- **Problem to solve**
Where an image appears, leave it out; otherwise repeat the data exactly.

- **Material provided**
┄┄┄┄┄┄

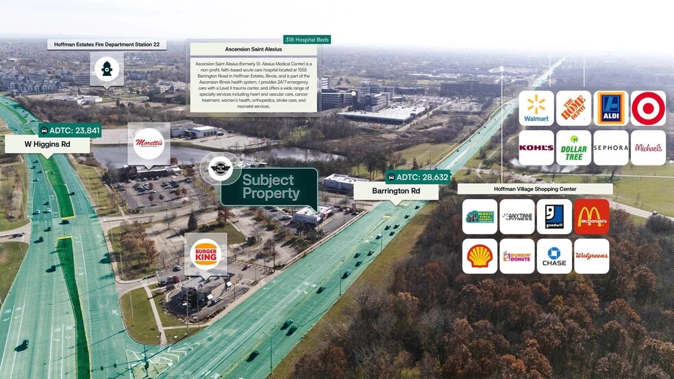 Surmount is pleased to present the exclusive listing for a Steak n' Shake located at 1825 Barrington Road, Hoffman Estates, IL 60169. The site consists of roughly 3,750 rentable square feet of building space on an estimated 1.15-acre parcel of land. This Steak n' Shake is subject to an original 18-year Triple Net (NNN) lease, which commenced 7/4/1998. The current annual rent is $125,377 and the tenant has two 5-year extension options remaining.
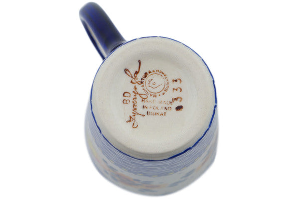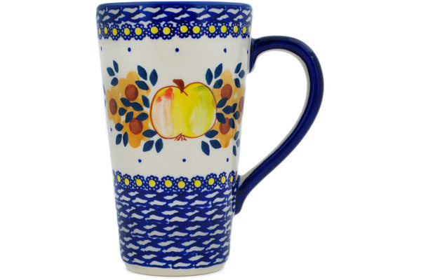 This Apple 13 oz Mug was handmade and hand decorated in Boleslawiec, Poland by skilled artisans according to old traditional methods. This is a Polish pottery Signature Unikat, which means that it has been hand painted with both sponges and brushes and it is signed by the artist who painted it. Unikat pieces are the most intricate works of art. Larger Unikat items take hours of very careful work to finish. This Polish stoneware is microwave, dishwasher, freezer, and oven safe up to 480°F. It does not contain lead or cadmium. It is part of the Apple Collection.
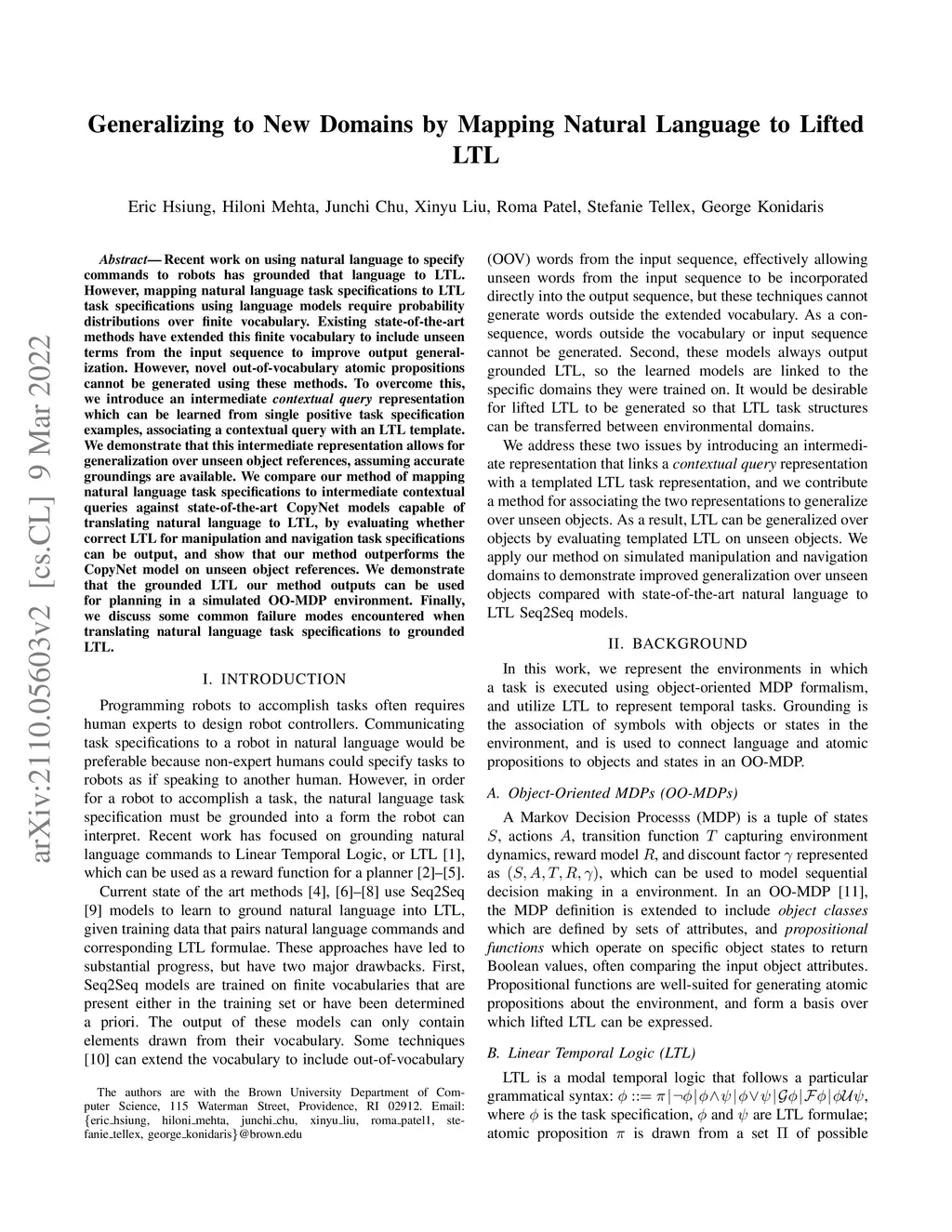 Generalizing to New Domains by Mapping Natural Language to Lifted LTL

┄┄┄┄┄┄

- **Written response**
 Surmount is pleased to present the exclusive listing for a Steak n' Shake located at 1825 Barrington Road, Hoffman Estates, IL 60169. The site consists of roughly 3,750 rentable square feet of building space on an estimated 1.15-acre parcel of land. This Steak n' Shake is subject to an original 18-year Triple Net (NNN) lease, which commenced 7/4/1998. The current annual rent is $125,377 and the tenant has two 5-year extension options remaining.
 This Apple 13 oz Mug was handmade and hand decorated in Boleslawiec, Poland by skilled artisans according to old traditional methods. This is a Polish pottery Signature Unikat, which means that it has been hand painted with both sponges and brushes and it is signed by the artist who painted it. Unikat pieces are the most intricate works of art. Larger Unikat items take hours of very careful work to finish. This Polish stoneware is microwave, dishwasher, freezer, and oven safe up to 480°F. It does not contain lead or cadmium. It is part of the Apple Collection.
 Generalizing to New Domains by Mapping Natural Language to Lifted LTL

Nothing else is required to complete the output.